And yes, it’s been a particularly nasty—one feels compelled to say “unprecedented”—election cycle. 

In that regard, I recently came across this: 

“Certainly, politics has never been a pretty business, but I doubt that I would get much argument in stating that this particular political season has been as nasty, vitriolic, and personal as any in recent memory—including not a few of those ads where the candidate’s visage appears to say that he or she “approved this message.” Like a couple of bickering siblings, both sides protest either that they didn’t start it, or that it is the other side’s fault. Lowered to levels of political discourse that once would have gotten your mouth washed out with soap, the verbal free-for-all threatens to obfuscate not only the real issues in this election, but the truth itself.

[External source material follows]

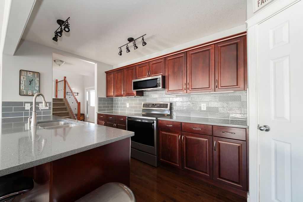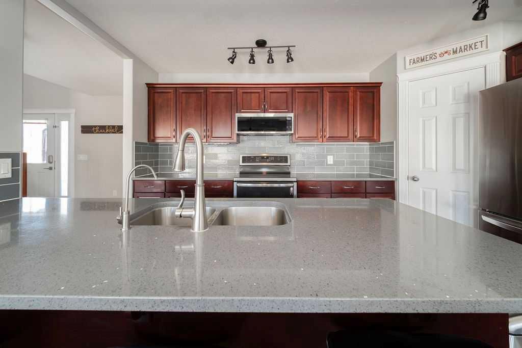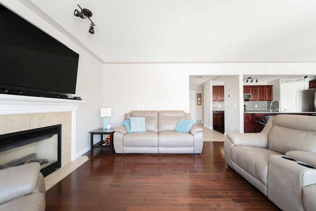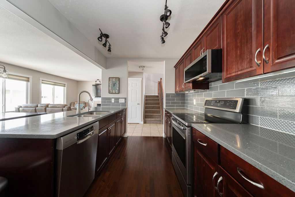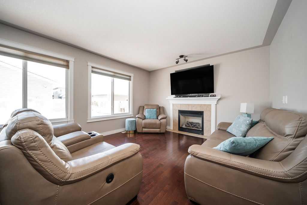 Welcome to 272 Swallow Way; Set directly across from the pond in the highly desirable Eagle Ridge neighbourhood, this beautifully maintained two-storey home blends thoughtful updates with a warm, welcoming feel in a location that’s hard to beat. With walking paths, bike trails, playgrounds, and schools just steps away, it’s a setting that truly embraces the best of community living. Inside, the open-concept main floor is bright and inviting. Large windows pull in plenty of natural light, hardwood runs through the living areas, and the whole space has a flow that just makes sense. The kitchen is both stylish and functional, featuring Bordeaux cabinetry, newer appliances, new countertops, and an oversized grey tile backsplash that ties it all together nicely. The adjoining dining area is highlighted by upgraded lighting and framed by large windows and double French doors that open directly to the backyard, creating an effortless connection between indoor and outdoor living. The living room offers a cozy gas fireplace and connects easily to the dining space, so whether you're hosting or just hanging out, it all works together naturally. The main floor also has a spacious tiled foyer when you walk in, a front half bathroom, and main floor laundry with built-in shelving, a large window with two-way blinds. Upstairs there are three bedrooms, including a primary that gives you real space to unwind, featuring a walk-in closet, private ensuite with a dual-sink vanity and deep soaking tub. The other bedrooms are comfortable and well-sized, with a shared 4 piece bathroom that completes the upper level. The fully developed basement offers exceptionally high ceilings and creates the perfect family hangout space. A fourth bedroom and bathroom with heated tile floors provide comfort for guests or older kids, while two utility rooms offer excellent storage solutions. Outside, the sunny backyard enjoys all-afternoon sun and is fully fenced with a large deck, gas line for a BBQ, a hot tub that stays, and clever covered storage tucked away neatly beside the deck. At the rear of the property you’ll find an oversized double detached garage with a gas heater, along with a rear asphalt driveway that provides additional parking and space large enough for RV storage, with a removable fence for easy access. With its pond views, sunny yard, and a layout that just feels right from the moment you walk in, this home offers the kind of space people stay for. Schedule your private tour today!
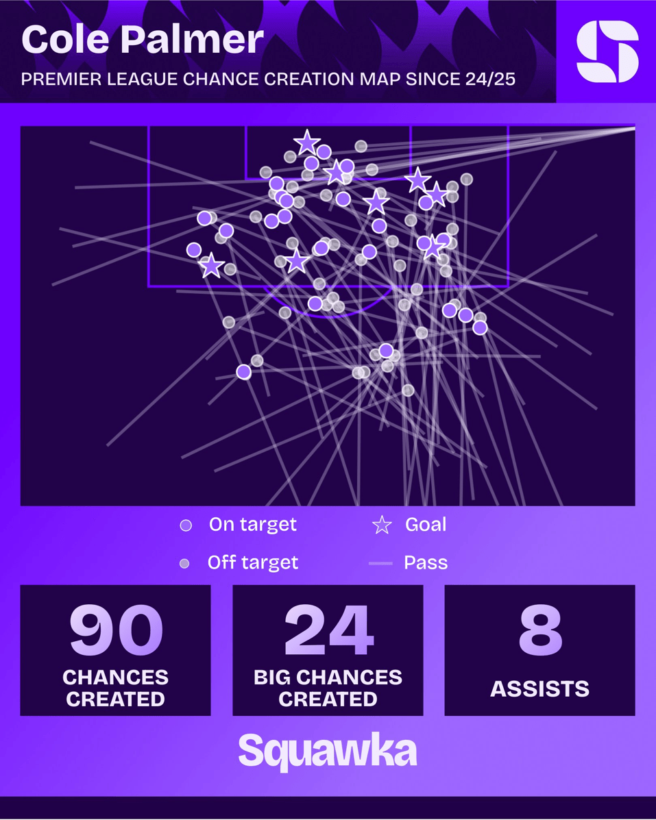 虎扑10月17日讯根据Squakwa的统计,自上赛季开始以来,只有萨拉赫(30)在英超联赛里创造的绝佳机会比帕尔默(24)更多。

We’re all sick and tired of it—even when they’re dishing the dirt on the candidate we’re hoping is forced to slink off the public stage in disgrace come Tuesday.”

While the sentiment is real and current, I actually wrote those words nearly 15 years ago, just ahead of the 2006 mid-terms. I wouldn’t say that things haven’t gotten (even) worse since then, but I was surprised at how apropos those words remain even in the context of the election before us. 

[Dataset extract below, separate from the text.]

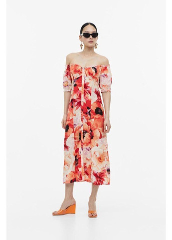 Платье короткое из мягко драпированного шифона с двухслойными рукавами-бабочками, кроем реглан. V-образный вырез горловины со скрытой планкой на пуговицах сверху, закрытой резинкой и поясом на завязке на талии. Слегка расклешенная юбка. На подкладке.
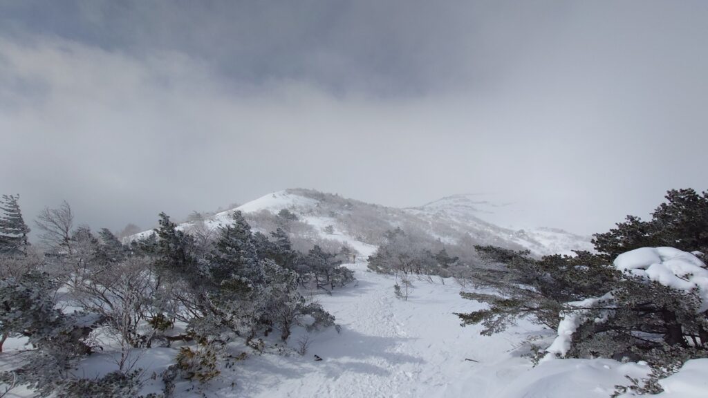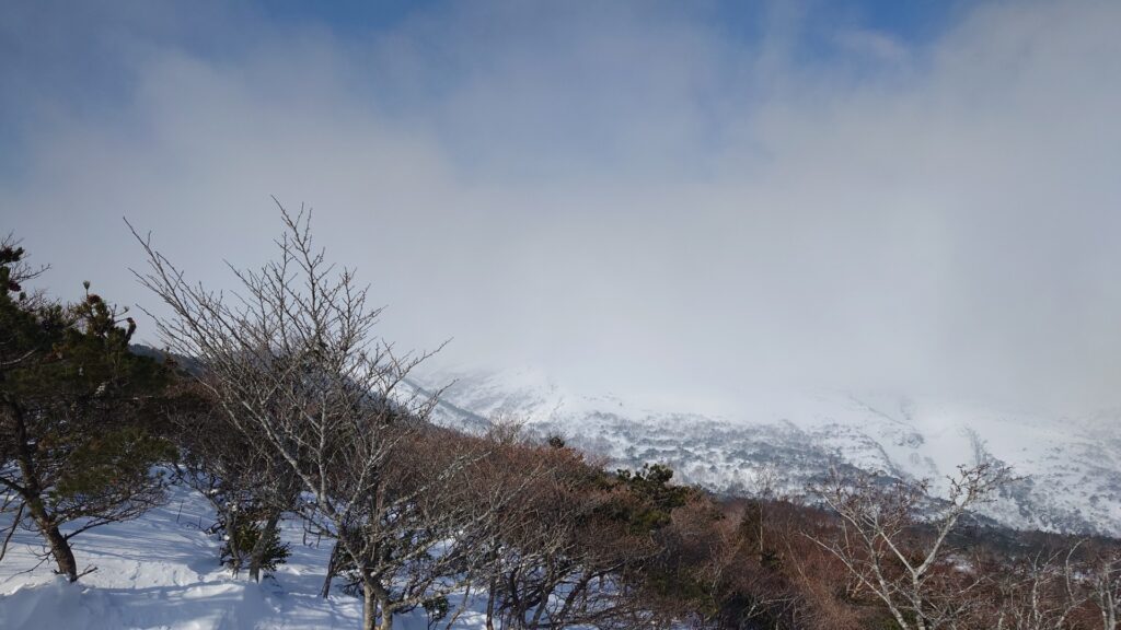 ゲレンデトップまでの標高差は200mくらい。リフト使うまでもないです。登山者用の道を歩き、ゲレンデに出てからは左端を歩きます。このゲレンデはやってないみたい。ゲレンデトップからは木が混んでくるけど、登るのには支障なしでした。でも、多分雪は少ないんだと思われます。2017年にも来てますが、記憶は全くございません。薬師岳付近で木が低くなると風を受けます。稜線は全く見えず…。

Indeed, while much is made of what appears to be an extraordinary level of polarization in perspectives, the pernicious influences of social media, and the pervasive editorializing of the “news,” it remains my sense that our nation is not so cleanly demarcated into “blue” and “red” as pundits would have us believe. Moreover, while we surely have our individual differences, I suspect at most levels the voting public is not as polarized in their opinions on key issues as are the individuals seeking their vote, or the process that produces those individuals. 

The issues that confront our industry—and the nation’s retirement—important though they surely are, are unlikely to be the issues that motivated your choices on the ballot this year. That said, it’s worth remembering that elections matter there as well—that the “sweep” of control often creates the biggest issues for retirement policy, be it the tumult of the Tax Reform Act of 1986, the flirtation with Rothification, the ardor for financial transaction taxes that make no allowance for retirement savings, and “equalization” of tax treatment that might well discourage plan formation. And just how powerful bipartisanship (still) can be in terms of producing thoughtful, meaningful legislation like the SECURE Act.   

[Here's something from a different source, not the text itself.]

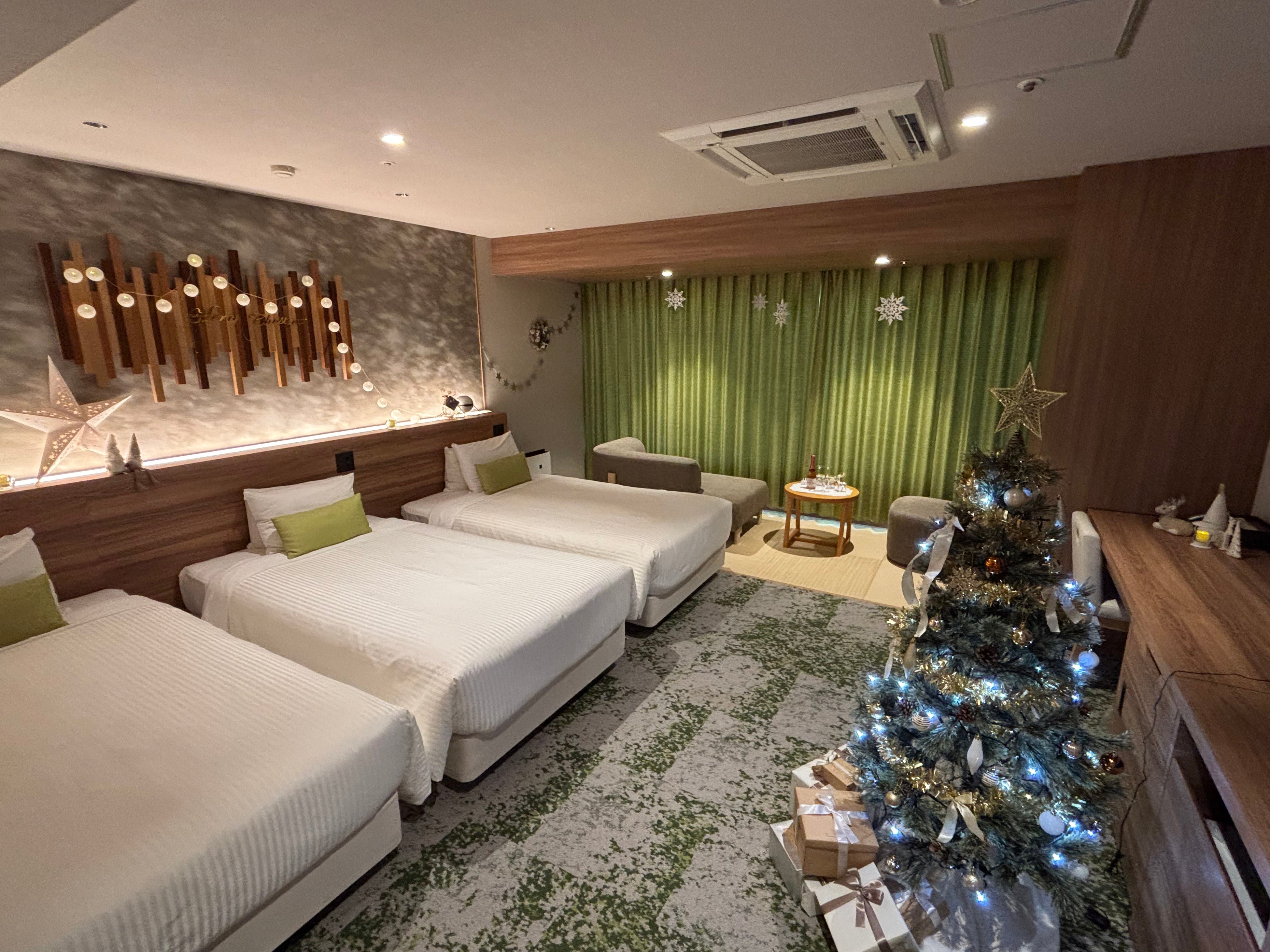 ツリーやリースなどでデコレーションされた1日1室限定ルーム。このひとときが、忘れられない思い出になりますように。大切な人と素敵なクリスマスをお過ごしください。
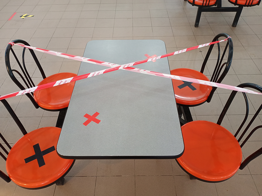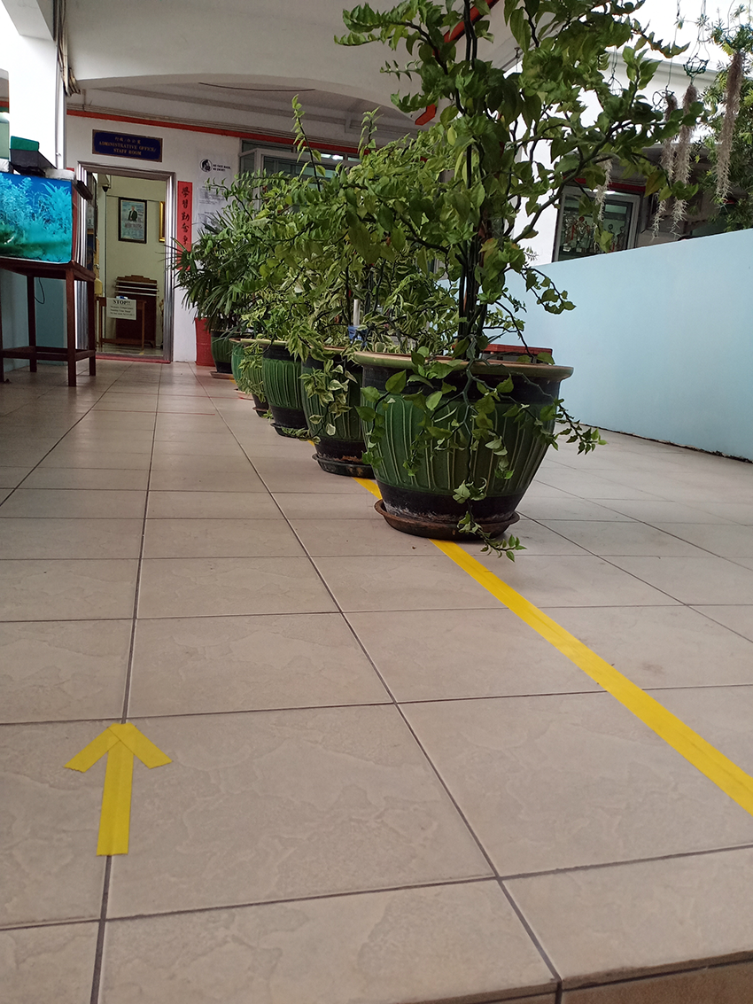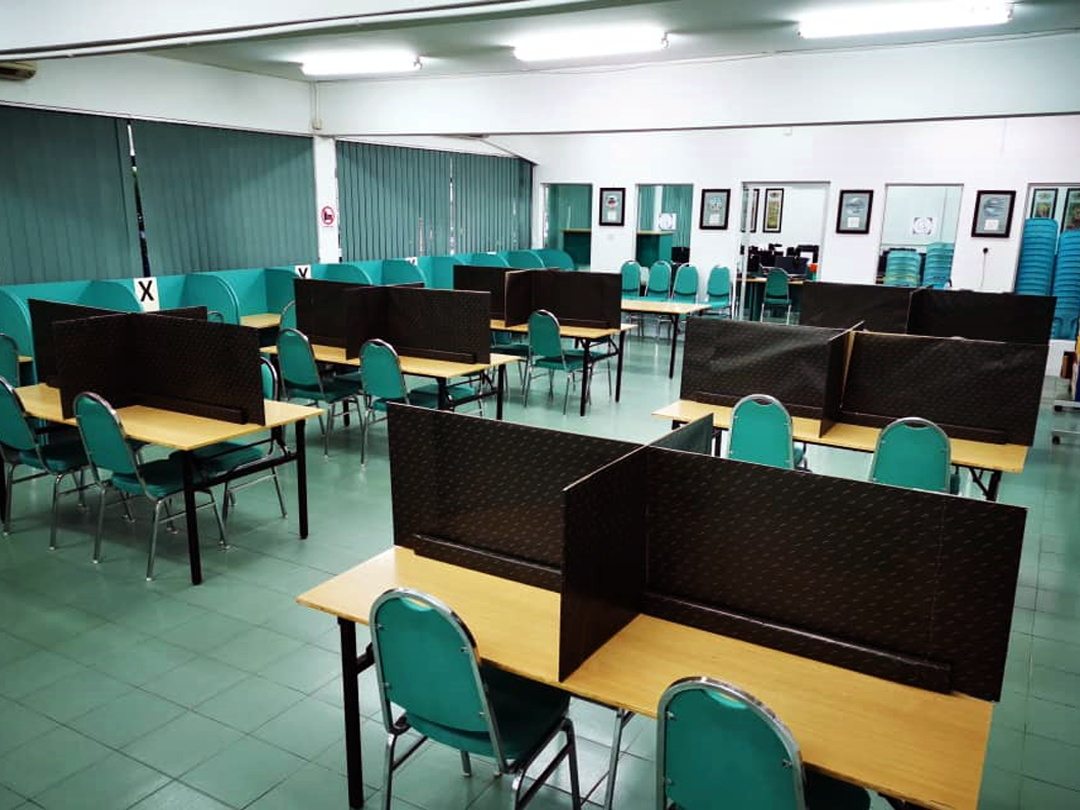另外,该校图书馆座位已置放隔板,确保使用者保持社交距离。学校的范围内都张贴着标志社交距离的贴纸,包括桌椅、地板、走廊等。

The good news, whether it be a result, or in spite of, the current level of vitriol, the American public’s interest in expressing its opinion by actually taking the time to go to the polls—or in pursuing an absentee ballot—appears to be surging. Elections do have consequences, after all—and, if the last several elections have taught us nothing else, we now know that votes—even a single vote—can matter.

And let’s hope that those that find themselves in office as a result conduct themselves accordingly.